Initial color positions:
Color 1: [1, 3]
Color 2: [2, 4]
Color 3: [5]
First query asks subtree of 1 for color 1.
| Step | Operation | Color sets | Answer |
|---|---|---|---|
| 1 | query (1,1) | {1:[1,3],2:[2,4],3:[5]} | 2 |
Second operation changes node 5 from 3 to 1.
| Step | Operation | Color sets |
|---|---|---|
| 1 | move 5: 3→1 | 1:[1,3,5], 3:[], 2:[2,4] |
Third query asks subtree of 1 for color 1.
| Step | Operation | Answer |
|---|---|---|
| 1 | query (1,1) | 3 |
Final query asks subtree of 3 for color 2, which corresponds to nodes 3,4,5 depending on structure.
This demonstrates how updates propagate only locally in the color sets while subtree queries remain range checks.
Complexity Analysis
| Measure | Complexity | Explanation |
|---|---|---|
| Time | O((n + q) log n) | Each update performs one removal and one insertion in sorted lists, each O(log n), and each query performs two binary searches |
| Space | O(n) | Each node contributes exactly one entry in a color list |
The complexity fits comfortably within limits since the total number of operations across all test cases is bounded by 2×10^5, and logarithmic factors remain small.
Test Cases
import sys, io
def run(inp: str) -> str:
sys.stdin = io.StringIO(inp)
out = io.StringIO()
old = sys.stdout
sys.stdout = out
solve()
sys.stdout = old
return out.getvalue().strip()
# minimum case
assert run("""1
1 2
5
1 1 1
2 1 5
""") == "1"
# small tree, no updates
assert run("""1
3 2
1 2 3
1 2
1 3
2 1 1
2 2 2
""") == "1\n0"
# update flips same color back and forth
assert run("""1
3 4
1 2 3
1 2
1 3
2 1 2
1 2 3
2 1 2
2 1 3
""") == "1\n0\n1"
# star tree heavy subtree query
assert run("""1
5 2
1 1 1 2 2
1 2
1 3
1 4
1 5
2 1 1
2 1 2
""") == "3\n2"
| Test input | Expected output | What it validates |
|---|---|---|
| single node | 1 | base correctness |
| small static tree | 1,0 | subtree range mapping |
| flip updates | mixed | dynamic consistency |
| star tree | 3,2 | large subtree aggregation |
Edge Cases
A subtle case arises when an update assigns the same color that the node already has. In that situation, removing and reinserting would corrupt the structure if not guarded. The implementation explicitly skips work when old and new colors match, preserving set integrity.

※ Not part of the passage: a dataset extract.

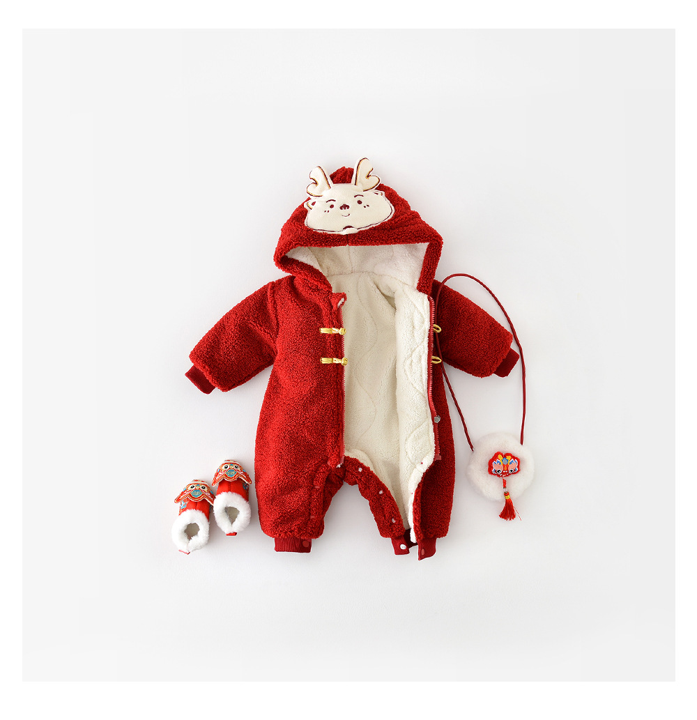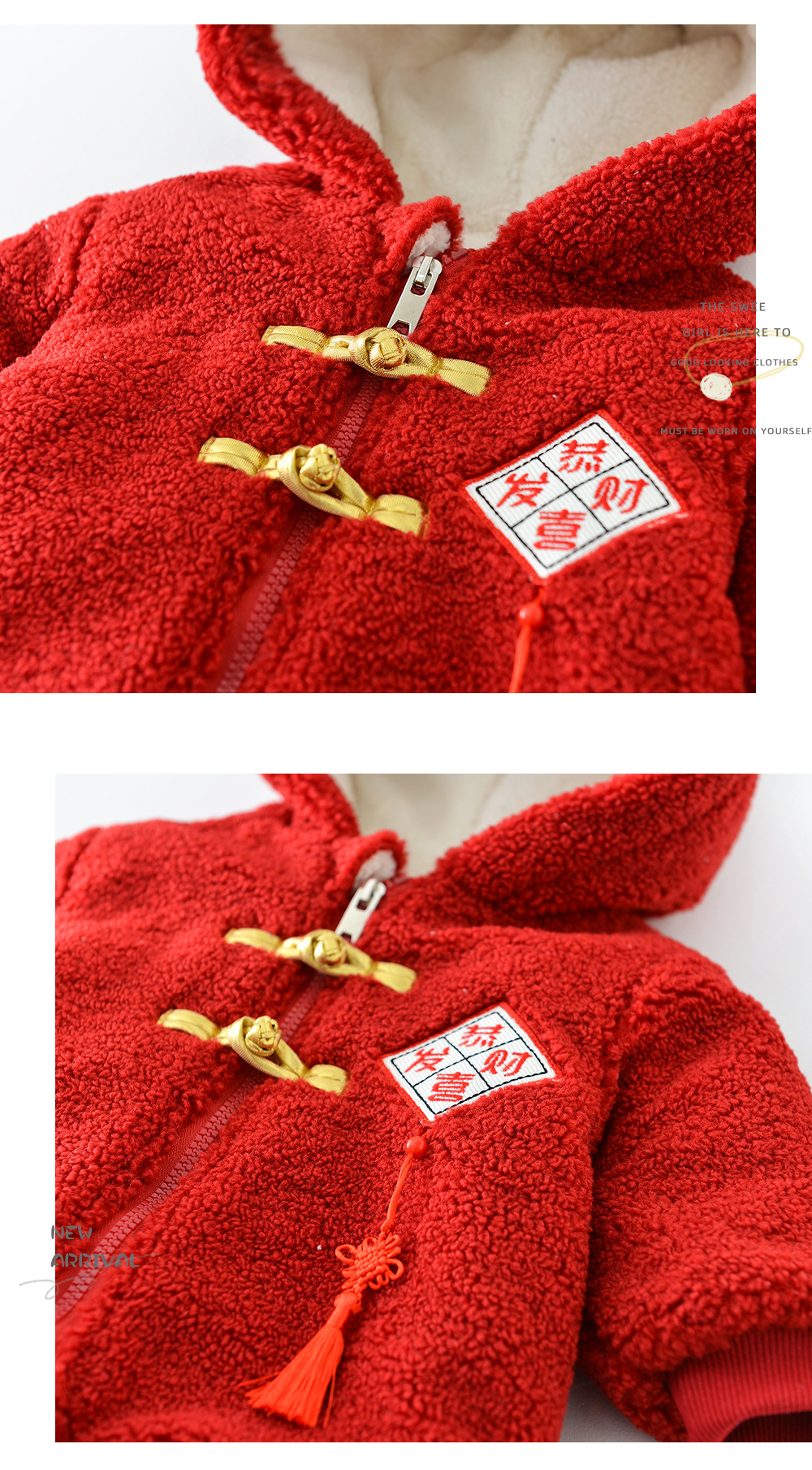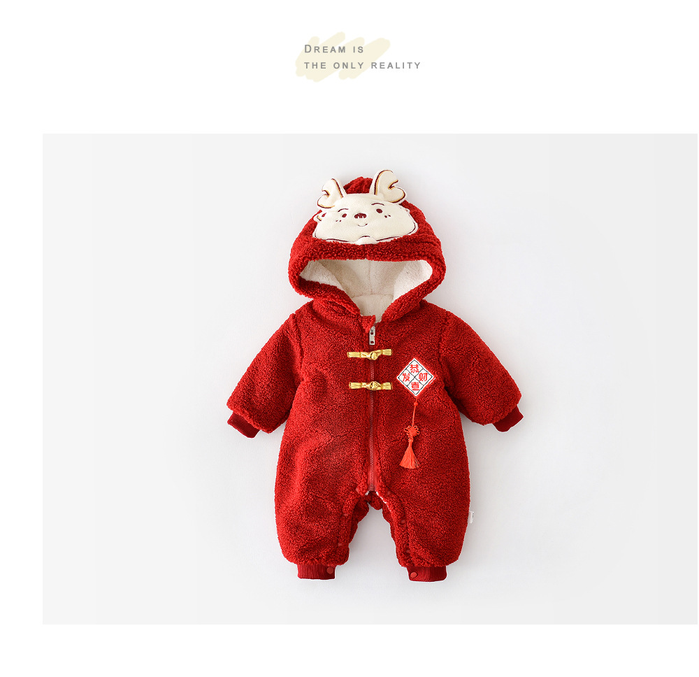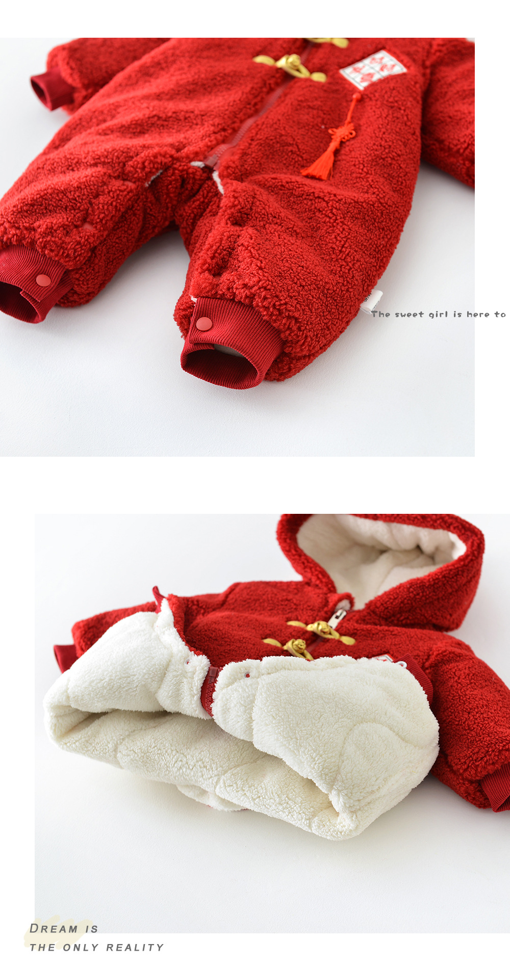 아기의 기모 점프 슈트 겨울 용 아기 두꺼운 따뜻한 중국 스타일 연간 세트 겉옷을 입고 후드 모자 등산 세트

Another case is deep chains where subtree ranges are large contiguous segments. Without Euler flattening, these queries would degenerate into full scans; here they reduce to a simple interval count, so even a path of 200000 nodes remains efficient.
Finally, repeated updates on the same node stress the correctness of removal logic. Since positions are stored uniquely in each color list, failing to delete the exact tin index would accumulate duplicates and inflate answers. The binary search removal ensures the list always reflects the true current state of the tree.